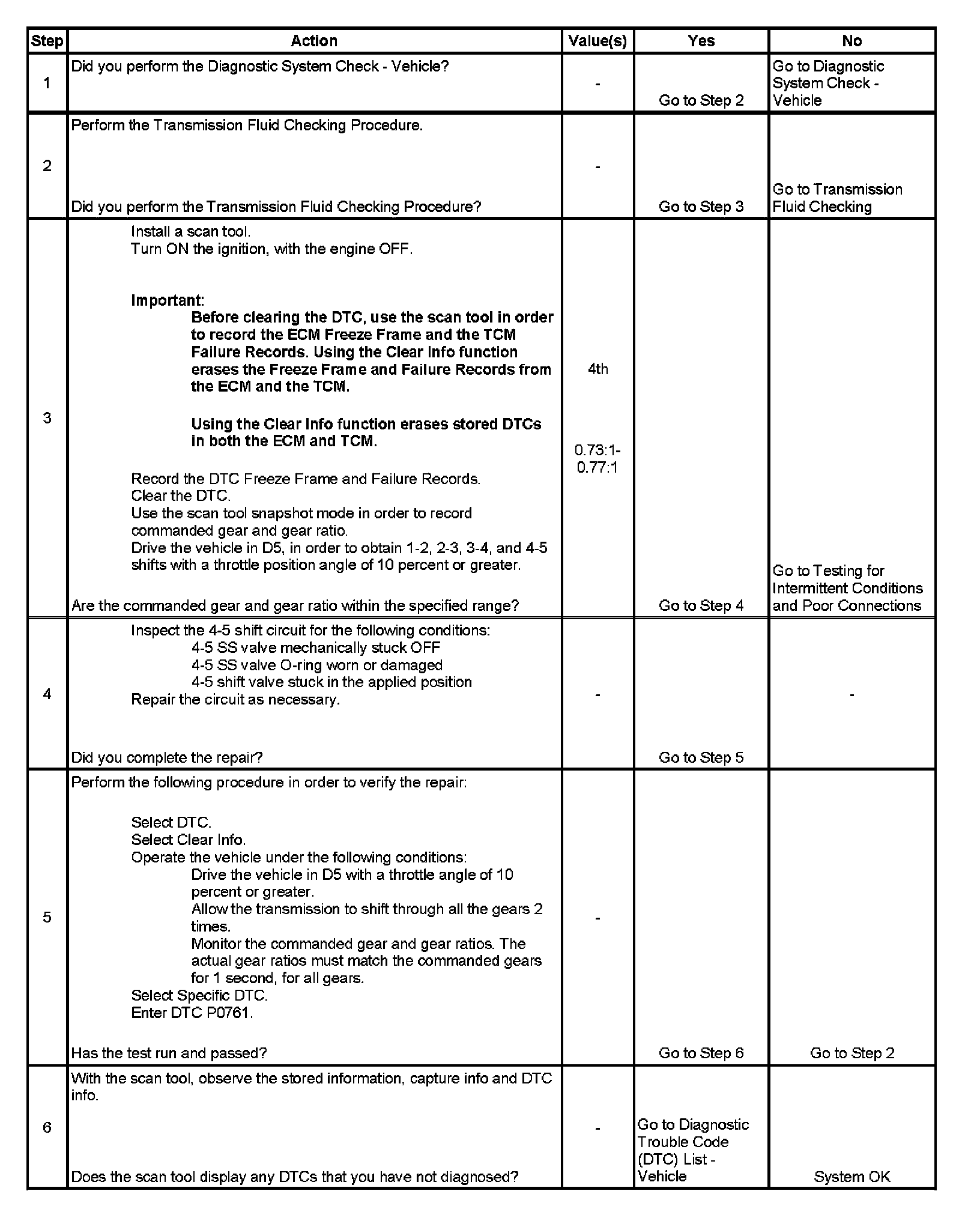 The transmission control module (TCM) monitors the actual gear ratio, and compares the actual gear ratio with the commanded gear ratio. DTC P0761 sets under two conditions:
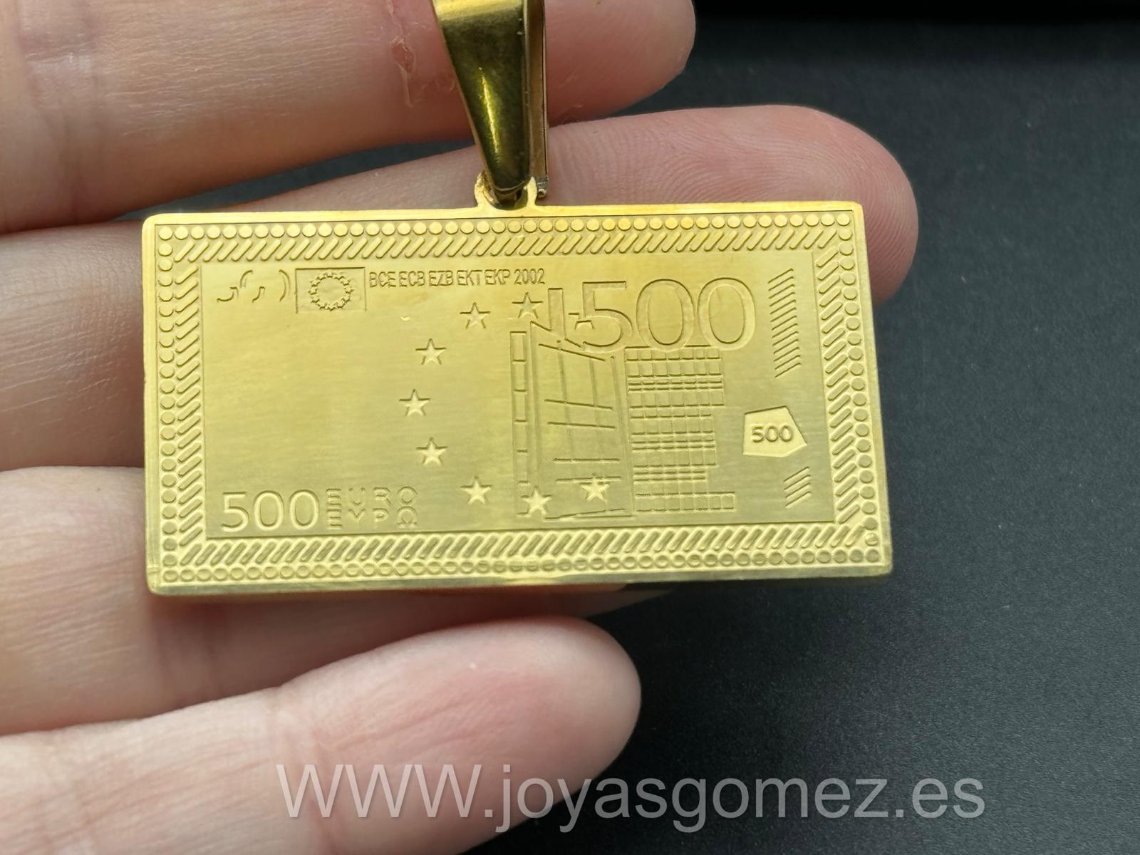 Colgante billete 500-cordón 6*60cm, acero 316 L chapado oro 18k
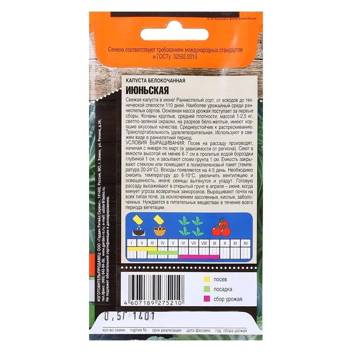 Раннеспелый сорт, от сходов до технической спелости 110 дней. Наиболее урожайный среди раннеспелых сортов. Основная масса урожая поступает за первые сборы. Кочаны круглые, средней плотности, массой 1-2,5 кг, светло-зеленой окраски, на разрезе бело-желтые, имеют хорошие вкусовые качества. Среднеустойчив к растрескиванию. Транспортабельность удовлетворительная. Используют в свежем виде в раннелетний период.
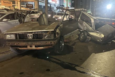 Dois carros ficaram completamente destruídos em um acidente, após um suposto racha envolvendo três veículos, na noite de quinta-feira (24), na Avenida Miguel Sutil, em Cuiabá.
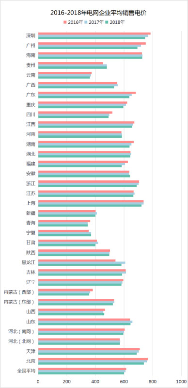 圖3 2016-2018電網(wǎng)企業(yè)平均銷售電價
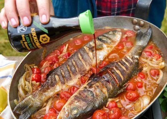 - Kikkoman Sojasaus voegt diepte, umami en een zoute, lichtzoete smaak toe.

Work task
Go to the line with "Dois carros ficaram" in the entries above. Reproduce that line and each one after it to the end, exactly and without the pictures.

Answer for this exercise
 Dois carros ficaram completamente destruídos em um acidente, após um suposto racha envolvendo três veículos, na noite de quinta-feira (24), na Avenida Miguel Sutil, em Cuiabá.
 圖3 2016-2018電網(wǎng)企業(yè)平均銷售電價
 - Kikkoman Sojasaus voegt diepte, umami en een zoute, lichtzoete smaak toe.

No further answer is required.